Аппарат был новый, циничный. Но Потапова почему-то любил. Только случай Зинченко был безнадежный.
«Я скоро. Подержи ее», – попросил Никита Сергеевич.
Каждый день, вечером он заходил к отцу.
Потапов-старший был почетным президентом клиники. В его кабинете, на третьем этаже, рядом с кафедрой акушерства и гинекологии и административно-хозяйственной частью, росли три фикуса. Один – в кадке прямо у двери. Другой в углу, у дивана, третий – возле окна, за спиной у Сергея Никитича. Еще были фиалки. Фиалки выращивала Анна Семеновна и передавала через секретаршу только в цветущем виде. Она хотела, чтобы у мужа всегда были живые цветы. Тайной мечтой ее было извести фикусы. Она хотела, чтобы в один прекрасный день все они засохли и были выставлены в коридор…
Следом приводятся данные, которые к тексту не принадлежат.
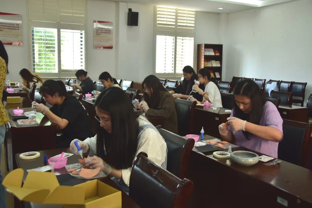 最后,在实操环节中,同学们纷纷化身为“文物修复体验官”。过水、拼接、涂胶水、贴胶带、调石膏、灌石膏在老师的悉心指导和同学们的大胆尝试下,陶碗的修复工作井然有序地进行着,很快一个个完整的陶碗就映入了眼帘。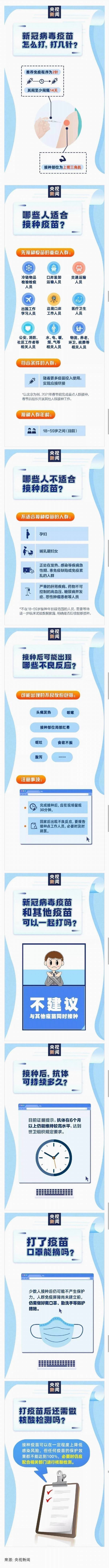 近日,我國首批新冠病毒疫苗開始對重點人群進行接種。疫苗需要打幾針?適用于哪些人群?打完后能不能摘口罩?出現不良反應怎么辦?今天,通過一組圖,一起了解↓↓↓

«Фикус – цветок нашего мещанства!» – говорила Анна Семеновна. «И детства», – соглашался Потапов-старший.
В этот кабинет никто не ходил. Кроме делегаций из министерства и просителей из прошлой жизни.
– Ты не врач, – сказал Сергей Никитич, когда Потапов вошел в кабинет. – Ты не врач. Ты – шарлатан! Она не должна была рожать! Ей нельзя было рожать! Мы консилиум зачем собирали?! Чтобы запретить!!! А ты?! Она пятнадцать лет не беременела!!! Ты думаешь – это просто так?!! Кто позволил ей искусственное оплодотворение?!
– Она сама…
– Сама? – Сергей Никитич приподнял левую бровь. Анна Семеновна пыталась стричь ее ровненько, но один вихор, похожий на вопросительный знак, давно научился убегать от ножниц. Левая бровь у Сергея Никитича всегда была со значением. С выговором и занесением в личное дело. – У нас в клинике сами себе назначают, сами себе производят операции, сами себе рожают? Поздравляю!
– Не с чем. Она сама забеременела. Родила кесаревым. Сейчас тяжелая. Она умирает, папа, – сказал Потапов. – Может быть, пусть Федя побудет с ней в реанимации? Может, материнский долг ее вернет?
– Идиот…
Фиалки вспыхнули розовым и закрыли глаза, отвернулись.
У Потаповых были принципиально разные позиции относительно курицы и яйца. Старший считал, что жизнь – больше чем дети больше чем роды, больше чем всё, потому что в жизни есть случай. А младший думал, что случай – это дар. И его нужно принимать по правилам. А значит, радостно. И дар, считал младший, может оказаться сильнее всего. И побороть дар невозможно. А пытаться – глупо.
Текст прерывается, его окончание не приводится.